Nice, that's a good speedup.

BTW: -march=native automatically implies -mtune=native
August 17, 2013
> BTW: -march=native automatically implies -mtune=native

Thanks, I`ll remove mtune)
August 17, 2013
On Saturday, 17 August 2013 at 19:24:52 UTC, Ilya Yaroshenko wrote:
>> BTW: -march=native automatically implies -mtune=native
>
> Thanks, I`ll remove mtune)

It would be really interesting if you could try writing the same code in c, both a scalar version and a version using gcc's vector instrinsics, to allow us to compare performance and identify areas for D to improve.
August 17, 2013
Ilya Yaroshenko:
> http://spiceandmath.blogspot.ru/2013/08/simd-implementation-of-dot-product_17.html

From the blog post:

> Compile fast_math code from other program separately and then link it. This is easy solution. However this is a step back to C.<
> To introduce a @fast_math attribute. This is hard to realize. But I hope this will be done for future compilers.<

One solution is to copy one of the features of Lisp, that is offer an annotation to specify different compilation switches for functions.

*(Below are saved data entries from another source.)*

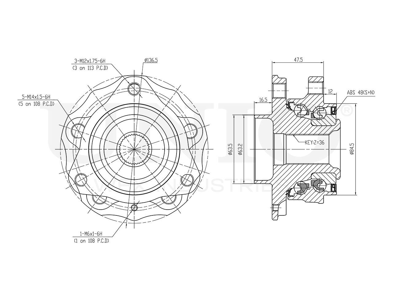 Артикул товара - HUB-20313, Сторона установки:С обеих сторон, Наружный диаметр [мм]:136.5, Ширина [мм]:79.5, Число отверстий в диске колеса:5, Диаметр расположения крепёжных отверстий ступицы [мм]:108, Число зубцов:36, EAN:4657844651200, EAN:4657844651200, Тип упаковки:коробка, Длина упаковки [мм]:170, Ширина упаковки [мм]:160, Высота упаковки [мм]:120, Вес нетто [кг]:3,026, Вес брутто [кг]:3,171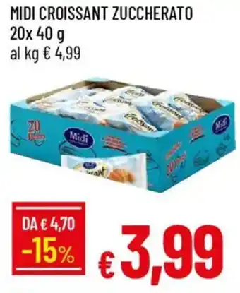 Questo Midi croissant zuccherato è attualmente in promozione presso IperFamila. Tutte le informazioni sul prezzo attuale, le condizioni dell’offerta e il periodo di validità sono disponibili su questa pagina. Scopri anche promozioni comparabili per Midi croissant zuccherato e scegli l’opzione più vantaggiosa.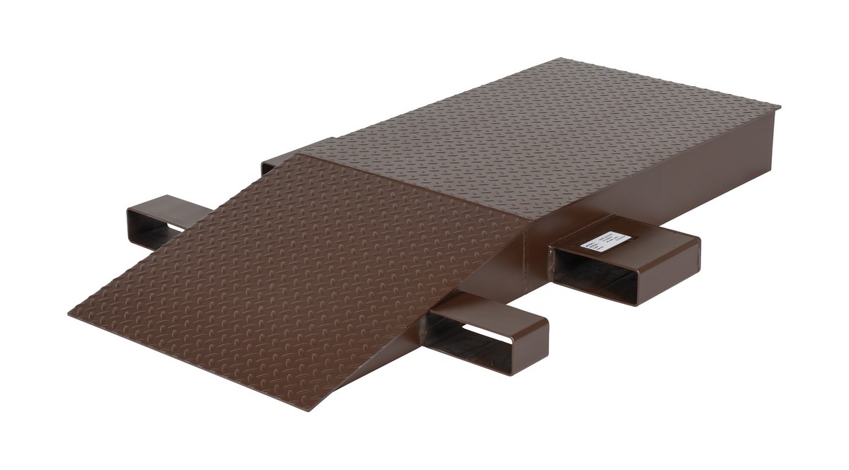 Steel Wheel Riser 60 In. x 24 In. x 6-1/4 In. 40,000 Lb. Capacity BrownWheel risers are designed to raise trailers to an appropriate crossover height for loaded fork trucks. Made of heavy-duty welded steel construction, these wheel risers are built to last! Each riser is equipped with fork pockets for easy transportation wherever a fork truck is available. Ramps may be stacked for convenient storage when not in use. Wheel risers are sold and priced as individual units.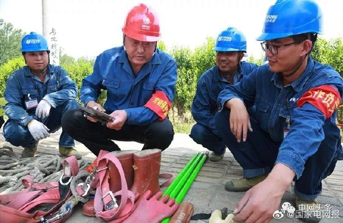 2.7月9日,河南安陽湯陰縣供電公司員工鄭學(xué)忠在伏道鎮(zhèn)后攸曇村農(nóng)網(wǎng)改造現(xiàn)場檢查一線班組的安全工具器具和個人防護用品。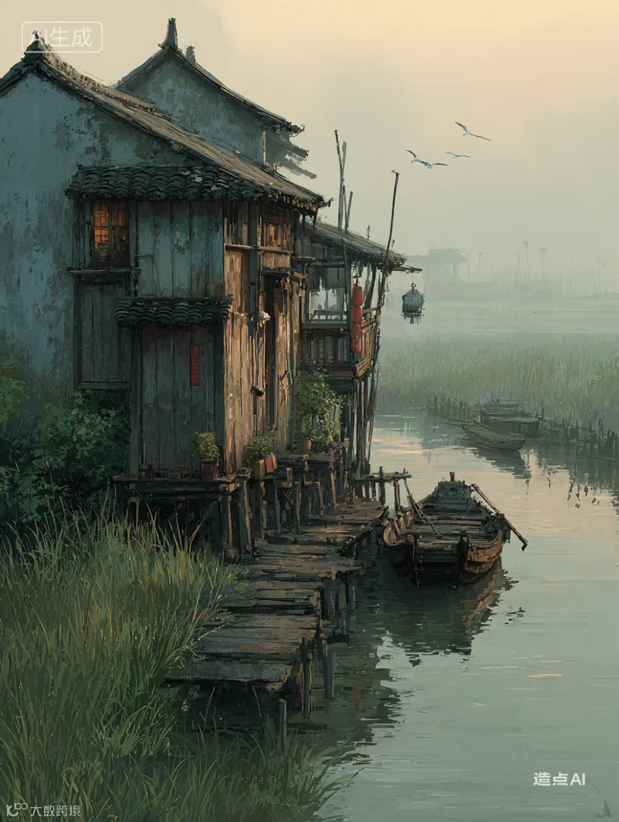 中文:黎明时分,江南的一个宁静水镇:木制船艇停泊在运河两岸,衣物晾在竹竿上;老妇人在石桥上练习太极拳;背景中雾气笼罩着稻田,白鹭在低空飞翔。这种写实风格让人联想到中国乡村的诗意——翠绿的草木、柔和的灰调,以及从船舱视角拍摄的全景水平画面。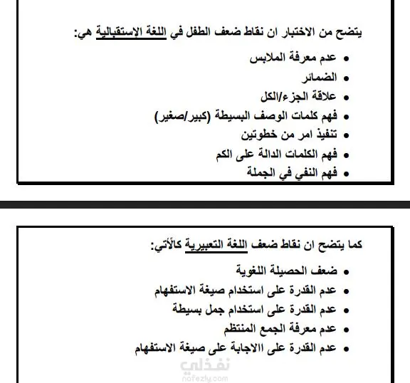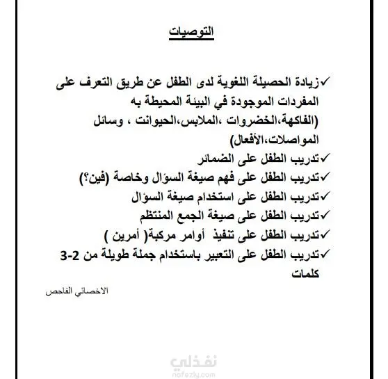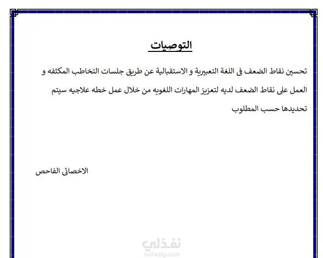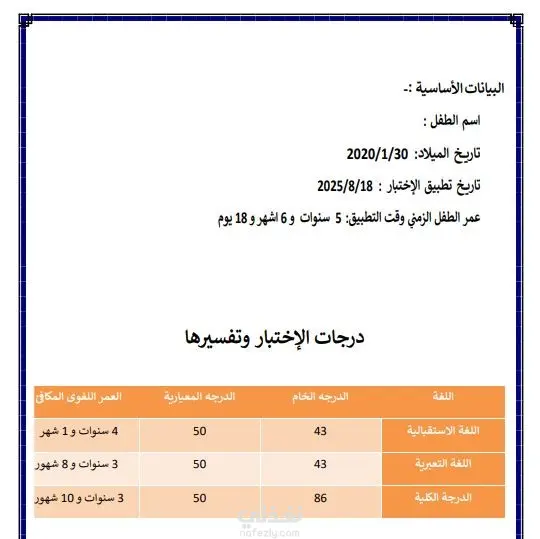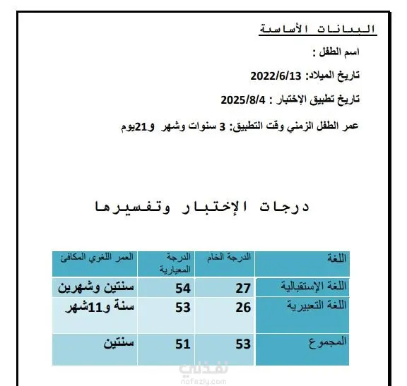 لقد اتبعت الخطوات التالية لضمان أن يكون التقرير شاملاً ودقيقاً ومفهوماً للأهل والأخصائيين المعنيين: - مرحلة جمع البيانات الأولية • مراجعة ملف الحالة: جمع المعلومات الأساسية عن الطفل (الاسم، العمر، التاريخ الصحي والنمائي). • تسجيل النتائج الخام: تجميع درجات الطفل بالتفصيل على بنود مقياس PLS-4، والتي تشمل مقياسين رئيسيين: 1- اللغة الاستقبالية : فهم اللغة. 2- اللغة التعبرية : استخدام اللغة. • الملاحظات السلوكية: تدوين أي ملاحظات ذات صلة بسلوك الطفل أثناء الاختبار (مثل: مستوى التعاون، الانتباه، التواصل غير اللفظي، الاستجابة للتعليمات). - مرحلة التحليل الإحصائي والتحويل • حساب العمر اللغوي (Language Age): تحويل الدرجات الخام إلى العمر المكافئ للغة في كل من مجالي ( اللغة الاستقبالية واللغة التعبرية ). • تحويل الدرجات المعيارية (Standard Scores): تحويل الدرجات الخام إلى درجات معيارية ، وهي ضرورية لمقارنة أداء الطفل بأقرانه. - مرحلة كتابة التقرير (الهيكلة) قمت بتنظيم التقرير وفقاً للهيكل القياسي للتقارير النفسية واللغوية: 1. معلومات أساسية • اسم الطفل وتاريخ ميلاده. • تاريخ إجراء الاختبار وعمر الطفل بالضبط (بالسنوات والأشهر والأيام). • اسم الأخصائي الذي أجرى الاختبار. 2. سبب عمل الاختبار • تحديد الغرض من التقييم (مثلاً: الشك في تأخر لغوي، تقييم مدى التقدم). • ذكر اسم الاختبار المُستخدم (Preschool Language Scale-4). 3. الملاحظات السلوكية أثناء الاختبار • وصف موجز لحالة الطفل العامة، ومستوى التركيز، وكيفية تفاعله مع الأخصائي، وأي عوامل بيئية أثرت على الأداء. 4. النتائج الكمية (العددية) • عرض واضح لجميع الدرجات المعيارية والرتب المئينية والأعمار اللغوية لمجالي (AC) و (EC)، بالإضافة إلى الدرجة الكلية للغة. 5. تفسير النتائج (التحليل النوعي) • التحليل التفصيلي: وصف جوانب القوة والضعف اللغوية المحددة للطفل بناءً على البنود التي نجح فيها أو فشل فيها (مثلاً: القدرة على اتباع الأوامر البسيطة، أو صعوبة استخدام صيغ الجمع). • ربط النتائج بالبيانات: مقارنة أداء الطفل بمتوسط الأداء الطبيعي لأقرانه. - التوصيات • تقديم خطة عمل مقترحة ومحددة وقابلة للتطبيق (مثل: بدء جلسات علاج النطق، الإحالة إلى أخصائي سمع، أنشطة لغوية يمكن للأهل القيام بها في المنزل).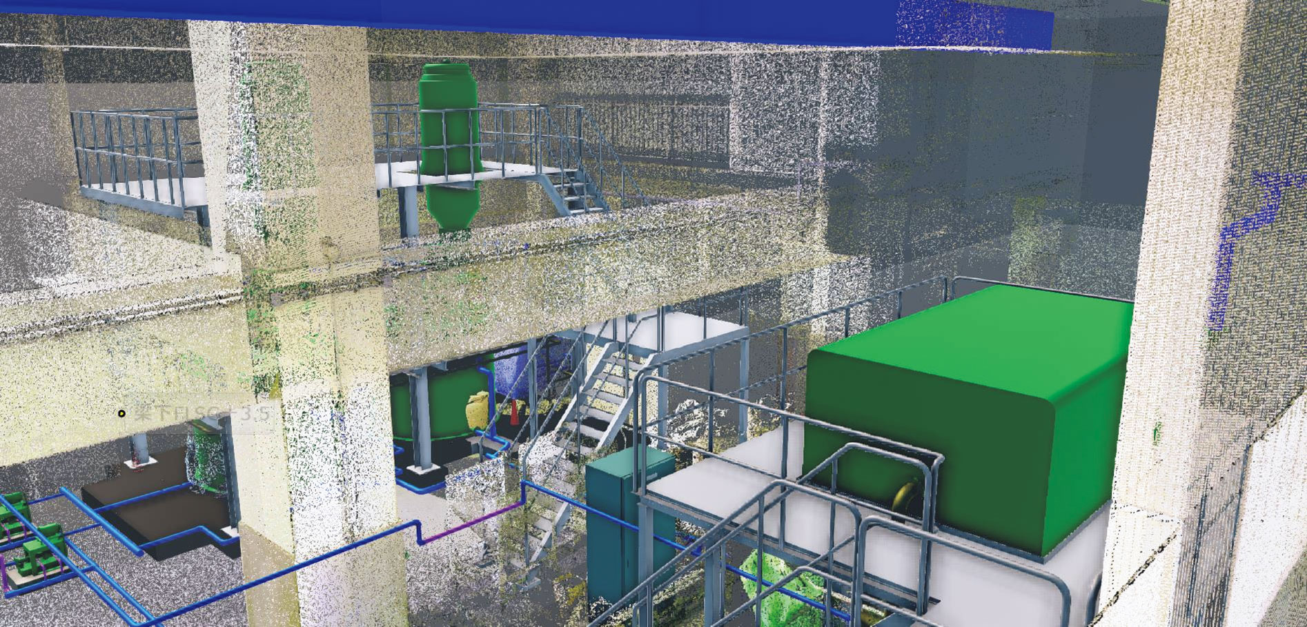 レーザーと360°カメラで撮影。フォトメトグラフィーによる3Dモデルの作成。施設や建物、設備の現場をVR化します。計測も可能。

Since some time it's present in GNU-C too:
http://gcc.gnu.org/onlinedocs/gcc/Function-Specific-Option-Pragmas.html#Function-Specific-Option-Pragmas

Bye,
bearophile
August 18, 2013
It doesn't look like you account for alignment.
This is basically not-portable (I doubt unaligned loads in this context are
faster than performing scalar operations), and possibly inefficient on x86
too.
To make it account for potentially random alignment will be awkward, but it
might be possible to do efficiently.


On 18 August 2013 04:50, Ilya Yaroshenko <ilyayaroshenko@gmail.com> wrote:

> http://spiceandmath.blogspot.**ru/2013/08/simd-** implementation-of-dot-product_**17.html<http://spiceandmath.blogspot.ru/2013/08/simd-implementation-of-dot-product_17.html>
>
> Ilya
>
>
>
>


August 18, 2013
On Sunday, 18 August 2013 at 01:53:53 UTC, Manu wrote:
> It doesn't look like you account for alignment.
> This is basically not-portable (I doubt unaligned loads in this context are
> faster than performing scalar operations), and possibly inefficient on x86
> too.

dotProduct uses unaligned loads (__builtin_ia32_loadups256, __builtin_ia32_loadupd256) and it up to 21 times faster then trivial scalar version.

Why unaligned loads is not-portable and inefficient?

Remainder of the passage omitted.